Female Persimmon Flowers

On female persimmon trees, flowers open as single, pale-yellow blooms. They share the male flowers’ shape and short stalks, but are about twice their size. Each female flower has a pistil with four styles.

Pistils and Styles

A female flower’s pistil contains the ovaries, where its seeds develop. The four styles inside each pistil are stalks with sticky, pollen-trapping receptacles called stigmas.

Pollen trapped on the stigmas works its way down the pistil to the ovaries, where it fertilizes the ovules that produce the seeds. To protect and nourish the developing seeds, the ovaries around them swell into the berries we know as persimmon fruits.

Expert gardener’s tip: Male persimmon flowers can only pollinate female flowers from a tree of the same species. American persimmon trees (Diospyros virginiana, USDA zones 4 through 10) flowers, in other words, can’t pollinate Oriental persimmon trees (Diospyros kaki, USDA zone 7 through 11).

Self-Pollinating Persimmons

Some persimmon cultivars produce ‘perfect’ flowers with large ovaries at their bases and eight or more stamens inside centers. Basically, they’re bi-sexual and in the right conditions — capable of self pollination and producing seedless fruit.

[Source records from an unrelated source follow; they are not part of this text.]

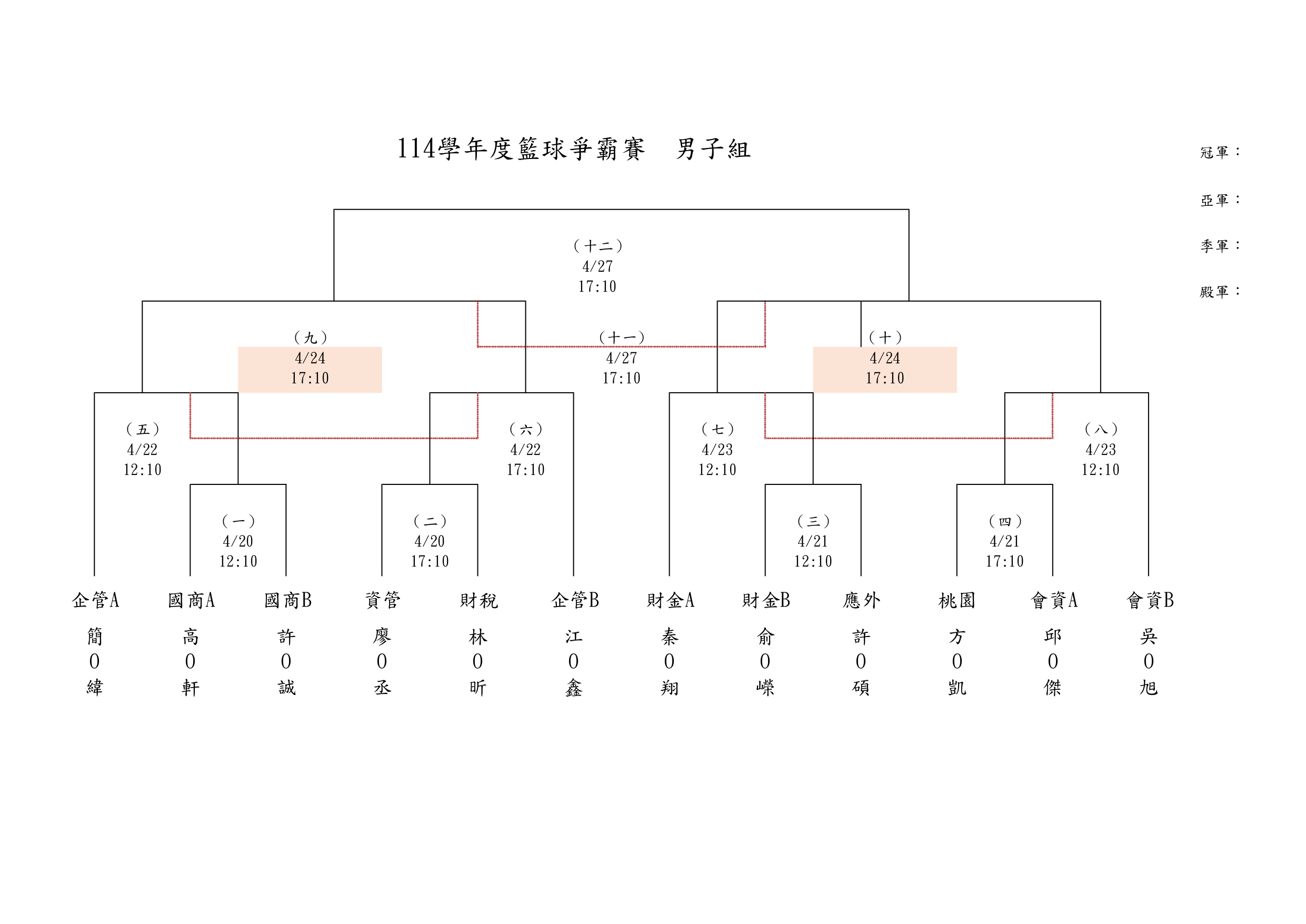 國立臺北商業大學114學年度籃球爭霸賽賽程公告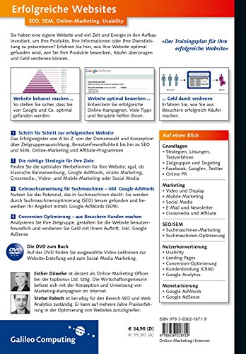 Alles, was Sie für Ihren erfolgreichen Webauftritt benötigen. Zahlreiche Praxisbeispiele zeigen Ihnen anschaulich den Weg zu einer besseren Webpräsenz und beantwortet Ihre Fragen: Wie nutze ich alle Marketing-Kanäle? Wie verbessere ich die Suchmaschinen-Präsenz meiner Website? Wie gestalte ich die Benutzerführung? Inkl. SEO, SEM, Online-Marketing, Affiliate-Programme, Google AdWords, Web Analytics, Social Media-, E-Mail-, Newsletter- und Video-Marketing, Mobiles Marketing u.v.m.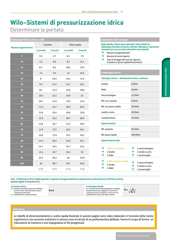 fabbisogno idraulico di utenze civili per abitazione. I parametri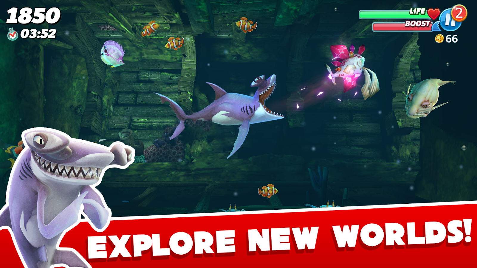Новая часть замечательной серии самой популярной и скачиваемой игры, в которой голодная акула будет пытаться выжить, пожирая вокруг себя все и всех. Исследуй океанские глубины в поисках свежей добычи или крадись по поверхности, застав врасплох птиц или самих отдыхающих. Но и конечно помни об опасностях, которые отовсюду будут тебя подстерегать.

They include the American persimmons:

  • ‘Prok’
  • ‘Yates’
  • ‘Meader’
  • ‘Early Golden’
  • ‘Prairie Dawn’

and the Oriental persimmons:

  • ‘Fuyu’
  • ‘Hachiya’
  • ‘Maekawa Jiro’
  • ‘Ichi Ki Kei Jiro‘

Expert gardener’s tip: Even though these cultivars can self-pollinate, they aren’t dependable. To boost their chances of setting fruit, many commercial growers plant them with a reliable male pollinator.

Pollinators

Bees are persimmon flowers’ primary pollinators, with wind helping out when bees are scarce. Expect the bees to collect nectar and pollen from dawn until dusk during the trees’ two-week spring bloom period.